The original annotation for the budding yeast genome contained 225 genes with introns. Introns are rare in yeast, tend to be in the extreme 5′ end of the gene, and typically include a perfect match to the branch site consensus (UACUAAC; Spingola et al., 1999). Since 1996, only 39 new introns and exons have been identified. The majority of these were identified by Brachat et al. (2003) and Cliften et al. (2003), who proposed that a combined total of 24 existing ORFs be updated with new introns and exons, such that the reading frame of the original ORF was preserved but the new intron and exon effectively added an extension at either the 5′ or the 3′ end. In some instances, the intron/exon predictions were directly tested (Brachat et al. 2003). For the remainder, SGD curators examined the sensu stricto Saccharomyces data published by Kellis et al. (2003), which was not used for the intron predictions by Brachat et al. (2003) and Cliften et al. (2003). The new intron/exon structure was annotated only if the reading frame, the start and stop codons and the branch site splicing signals were conserved in the other species.
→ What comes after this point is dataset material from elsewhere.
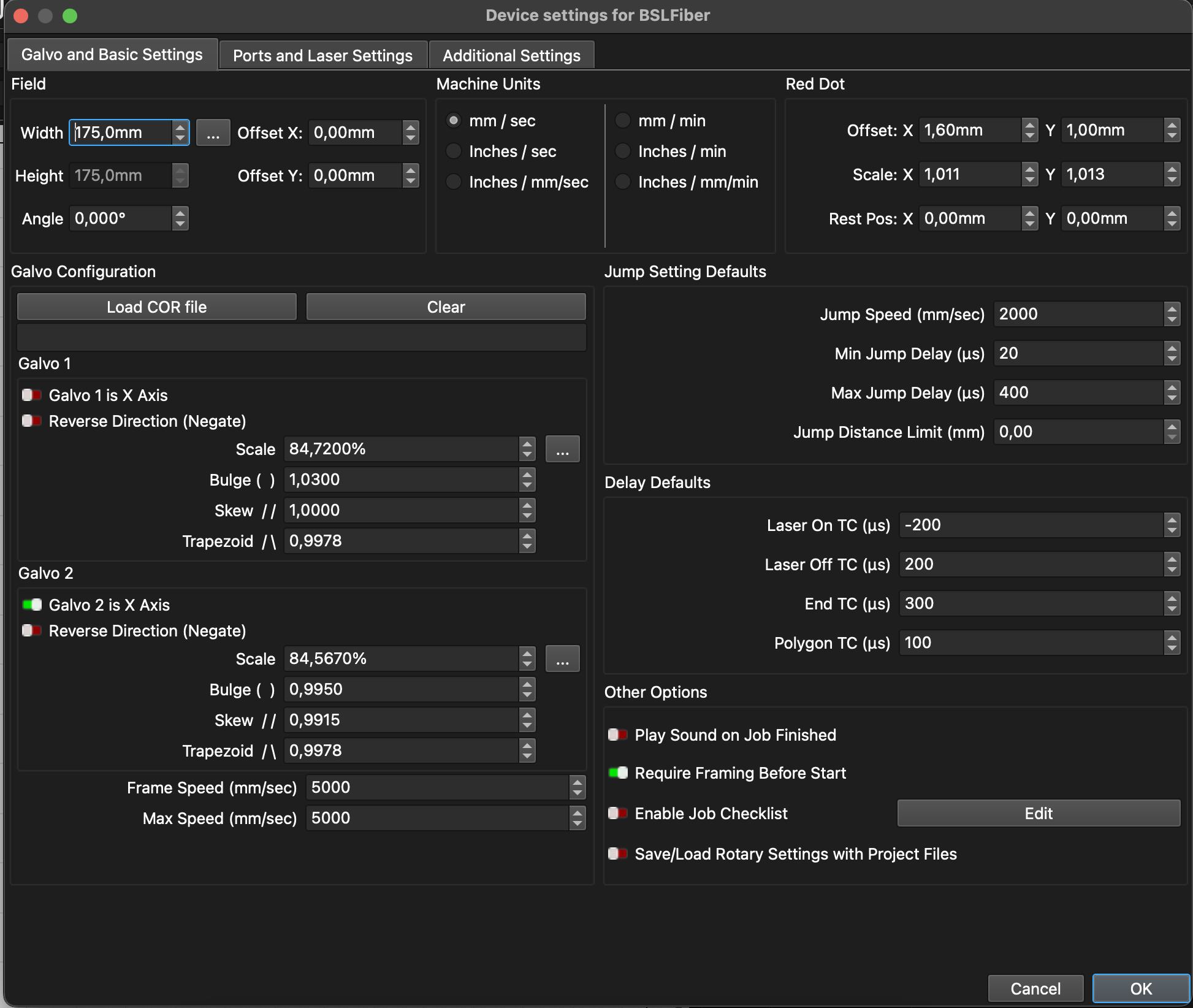 Your device settings differ from the defaults, which indicates that you imported the correct config file while you added the galvo!

In a few cases, examination of the evidence led to revision of the proposed change. For example, based on sequence conservation between Ashbya gossypii and S. cerevisiae, Brachat et al. (2003) proposed an intron and a new 3′ exon for SEF1 /YBL066C. However, when the SEF1 sequences from four Saccharomyces sensu stricto species were compared to S. cerevisiae, the comparative data argued against the presence of an intron. Instead it appeared that the S. cerevisiae sequence contained a large number of sequencing errors in this gene. SGD resequenced the 150 base pairs spanning the divergent region and found that 37 nucleotide insertions and four nucleotide substitutions were necessary to correct the reference sequence. Once these errors were corrected, the S. cerevisiae SEF1 ORF displayed close conservation with the other Saccharomyces sensu stricto orthologues, none of which was predicted to contain an intron.
Documentation
Sequence and annotation changes are announced regularly on SGD’s homepage and in our quarterly newsletter. All changes are also tracked and posted in a more permanent manner, on SGD web pages and at our FTP site.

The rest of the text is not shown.